我知道由于多线程程序的不确定性可能会发生奇怪的事情,因此最好使用一些确定性的方法来调试它。然而,即使在这种非常确定的情况下,我也看不出为什么内存占用会增加。

这是我能够编写的重现问题的最小程序:

测试.cpp

#include <chrono>
#include <iomanip>
#include <iostream>
#include <openssl/sha.h>
#include <sparsehash/sparse_hash_map>
#include <thread>

struct mystruct
{
    uint64_t values[16];
    inline bool operator==(const mystruct &other) const {
        return !memcmp(values, other.values, sizeof(values));
    }
    inline bool operator!=(const mystruct &other) const { 
        return !(*this == other); 
    }
};

namespace std {
    template<>
    class hash<mystruct> {
    public:
        inline size_t operator()(const mystruct &s) const 
        {
            return s.values[0];
        }
    };
}

google::sparse_hash_map<mystruct, uint64_t, std::hash<mystruct>> h;

const uint64_t N = 1ull * 1024ull * 1024ull * 1024ull;
const int step = 128;
volatile uint64_t next = 0;
uint64_t total_keys = 0;
const uint64_t THREADS = 1;

void insert_data(uint64_t data) {
    unsigned char buf[256];
    mystruct b;
    for (uint64_t j = 0; j < N / THREADS; j++) {
        SHA256((unsigned char*)&data, 8, buf);
        memcpy(&b, buf, sizeof(mystruct));

        while (next != data)
            ;

        h[b] = 1;
        total_keys++;
        next += step;
        data += THREADS * step;
    }
}

int main() {
    std::thread t[THREADS];

    for (uint64_t i = 0; i < THREADS; i++) {
        t[i] = std::thread(insert_data, i * step);
    }   

    std::chrono::steady_clock::time_point begin = std::chrono::steady_clock::now();
    while (total_keys < N) {
        std::this_thread::sleep_for(std::chrono::milliseconds(100));

        std::chrono::steady_clock::time_point end = std::chrono::steady_clock::now();
        uint64_t elapsed_ms = std::chrono::duration_cast<std::chrono::milliseconds>(end - begin).count();
        double speed = 1000.0*(double)total_keys / (double)elapsed_ms ;

        std::cout << std::fixed << "Processed " << total_keys << " items in " << elapsed_ms << " ms (" << std::setprecision(0) << speed << " keys/s)"  << ", next key is " << next << std::endl;
    }

    for (uint64_t i = 0; i < THREADS; i++) {
        t[i].join();
    }
}

该程序的想法非常简单:

  • 使用循环将已知且预定的 1 亿个键序列插入哈希表
  • 观看程序每 100 毫秒在控制台上转储它到目前为止插入了多少键,以及将要插入的下一个键是什么
  • 等到操作系统杀死程序

因此,目标是验证对于预定义的插入序列,无论有多少线程将数据推送到哈希表中,内存消耗都是相同的,即插入键的数量大致相同(我不介意如果有几个关键的差异,例如由于操作系统决定终止应用程序)。
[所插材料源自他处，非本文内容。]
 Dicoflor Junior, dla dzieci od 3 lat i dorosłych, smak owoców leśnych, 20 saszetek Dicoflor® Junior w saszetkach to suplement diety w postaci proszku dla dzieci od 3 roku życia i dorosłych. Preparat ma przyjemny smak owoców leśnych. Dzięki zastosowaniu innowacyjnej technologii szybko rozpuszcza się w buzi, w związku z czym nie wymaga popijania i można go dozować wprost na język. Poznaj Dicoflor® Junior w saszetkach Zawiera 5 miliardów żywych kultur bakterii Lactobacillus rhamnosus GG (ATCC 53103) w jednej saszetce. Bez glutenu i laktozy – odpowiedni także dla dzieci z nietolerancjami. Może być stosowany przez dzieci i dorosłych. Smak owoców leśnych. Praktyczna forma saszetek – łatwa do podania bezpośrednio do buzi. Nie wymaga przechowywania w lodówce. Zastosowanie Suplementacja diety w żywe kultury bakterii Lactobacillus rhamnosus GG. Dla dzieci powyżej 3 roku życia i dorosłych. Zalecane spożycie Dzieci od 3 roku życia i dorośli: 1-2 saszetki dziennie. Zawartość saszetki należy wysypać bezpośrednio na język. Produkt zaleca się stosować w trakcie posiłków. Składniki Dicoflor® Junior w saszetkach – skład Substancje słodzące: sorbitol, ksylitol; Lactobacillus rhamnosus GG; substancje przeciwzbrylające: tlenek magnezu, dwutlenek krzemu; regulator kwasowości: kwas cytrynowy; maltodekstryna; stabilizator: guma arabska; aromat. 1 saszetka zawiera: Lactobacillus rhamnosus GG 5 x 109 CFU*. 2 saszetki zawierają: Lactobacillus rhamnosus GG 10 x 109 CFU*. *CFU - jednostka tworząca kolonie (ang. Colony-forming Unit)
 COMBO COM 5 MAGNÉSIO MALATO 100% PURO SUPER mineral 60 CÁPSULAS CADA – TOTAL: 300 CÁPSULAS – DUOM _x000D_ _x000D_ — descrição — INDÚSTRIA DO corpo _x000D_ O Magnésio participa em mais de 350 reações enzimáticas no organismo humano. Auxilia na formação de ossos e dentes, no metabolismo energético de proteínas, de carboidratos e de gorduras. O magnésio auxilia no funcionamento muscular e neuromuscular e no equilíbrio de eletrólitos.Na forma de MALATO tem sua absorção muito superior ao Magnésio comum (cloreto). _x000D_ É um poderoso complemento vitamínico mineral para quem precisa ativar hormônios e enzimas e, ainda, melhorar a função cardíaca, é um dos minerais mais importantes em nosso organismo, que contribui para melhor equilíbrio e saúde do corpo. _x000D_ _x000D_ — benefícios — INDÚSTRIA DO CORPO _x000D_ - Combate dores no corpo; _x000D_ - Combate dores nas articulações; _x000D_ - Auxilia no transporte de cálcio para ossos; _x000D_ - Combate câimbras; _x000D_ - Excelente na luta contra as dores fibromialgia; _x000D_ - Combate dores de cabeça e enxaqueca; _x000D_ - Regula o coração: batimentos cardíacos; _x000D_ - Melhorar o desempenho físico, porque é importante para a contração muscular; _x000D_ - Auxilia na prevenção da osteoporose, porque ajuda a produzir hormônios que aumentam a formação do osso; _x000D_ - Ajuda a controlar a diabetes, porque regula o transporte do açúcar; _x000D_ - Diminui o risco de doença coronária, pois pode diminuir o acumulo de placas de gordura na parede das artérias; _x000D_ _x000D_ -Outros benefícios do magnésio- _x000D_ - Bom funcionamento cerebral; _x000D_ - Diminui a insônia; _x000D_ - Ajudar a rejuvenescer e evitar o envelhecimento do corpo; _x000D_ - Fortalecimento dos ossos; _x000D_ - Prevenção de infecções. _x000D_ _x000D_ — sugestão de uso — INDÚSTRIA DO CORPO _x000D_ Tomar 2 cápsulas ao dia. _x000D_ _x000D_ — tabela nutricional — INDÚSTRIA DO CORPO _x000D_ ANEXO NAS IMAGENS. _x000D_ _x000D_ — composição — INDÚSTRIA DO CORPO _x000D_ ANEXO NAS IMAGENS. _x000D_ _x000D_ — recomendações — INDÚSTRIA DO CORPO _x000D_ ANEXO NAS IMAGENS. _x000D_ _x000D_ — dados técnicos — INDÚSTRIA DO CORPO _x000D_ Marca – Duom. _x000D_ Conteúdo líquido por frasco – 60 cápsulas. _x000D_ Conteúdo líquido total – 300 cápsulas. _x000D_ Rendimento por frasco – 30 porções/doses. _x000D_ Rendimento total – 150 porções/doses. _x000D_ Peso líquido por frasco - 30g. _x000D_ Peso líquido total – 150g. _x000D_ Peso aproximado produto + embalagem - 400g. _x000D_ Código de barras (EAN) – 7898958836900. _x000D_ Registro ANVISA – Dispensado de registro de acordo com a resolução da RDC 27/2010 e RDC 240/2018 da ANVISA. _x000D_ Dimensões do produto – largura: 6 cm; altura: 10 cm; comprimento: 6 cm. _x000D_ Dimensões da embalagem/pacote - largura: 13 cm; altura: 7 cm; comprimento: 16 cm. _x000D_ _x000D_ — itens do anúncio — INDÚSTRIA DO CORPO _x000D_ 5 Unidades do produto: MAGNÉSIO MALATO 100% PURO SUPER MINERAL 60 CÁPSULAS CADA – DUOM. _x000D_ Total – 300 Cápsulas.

那么差异可能是巨大的。

insert_data函数使用一个简单的自旋循环来保证插入顺序,即数字 0、128、256 等等……(使用锁/互斥体没有区别)。

我在以下环境中运行该程序:

  • 具有 4GB 内存的 Debian 8.3 Linux VM
  • 使用swapoff -a没有交换内存
  • -O3带有标志的 GCC 4.9.2

这些是上述代码以不同数​​量的THREADS变量运行时的结果:

线程 = 1

Processed 54241 items in 100 ms (542410 keys/s), next key is 6942848
Processed 104857 items in 200 ms (524285 keys/s), next key is 13421696
...
Processed 13410458 items in 35698 ms (375664 keys/s), next key is 1716538624
Processed 13421773 items in 35799 ms (374920 keys/s), next key is 1717986944
...
... 6 seconds of data because hashtable is being resized...
...
Processed 13421773 items in 41245 ms (325416 keys/s), next key is 1717986944
Processed 13438143 items in 41345 ms (325025 keys/s), next key is 1720082432
...
Processed 23580346 items in 65567 ms (359637 keys/s), next key is 3018284416
Killed

线程 = 2

Processed 69922 items in 101 ms (692297 keys/s), next key is 8950016
Processed 121766 items in 202 ms (602802 keys/s), next key is 15586048
...
Processed 13409271 items in 37098 ms (361455 keys/s), next key is 1716386688
Processed 13421773 items in 37198 ms (360820 keys/s), next key is 1717986944
...
... 6 seconds of data because hashtable is being resized...
...
Processed 13421773 items in 43204 ms (310660 keys/s), next key is 1717986944
Processed 13443021 items in 43304 ms (310434 keys/s), next key is 1720706688
...
Processed 20024294 items in 64129 ms (312250 keys/s), next key is 2563110656
Killed

线程 = 4

Processed 31 items in 100 ms (310 keys/s), next key is 3968
Processed 33882 items in 200 ms (169410 keys/s), next key is 4336896
...
Processed 13399262 items in 48949 ms (273739 keys/s), next key is 1715105536
Processed 13421773 items in 49049 ms (273640 keys/s), next key is 1717986944
...
... 5 seconds of data because hashtable is being resized...
...
Processed 13421773 items in 54091 ms (248133 keys/s), next key is 1717986944
Processed 13421773 items in 54201 ms (247630 keys/s), next key is 1717986944
Killed

如您所见,所有三个测试都将特定键标识1717986944为触发哈希表调整大小的键,并且所有这些都发生在同一个插入键 n 处。13421773,这证实了无论运行线程的数量如何,插入总是严格按照相同的顺序发生。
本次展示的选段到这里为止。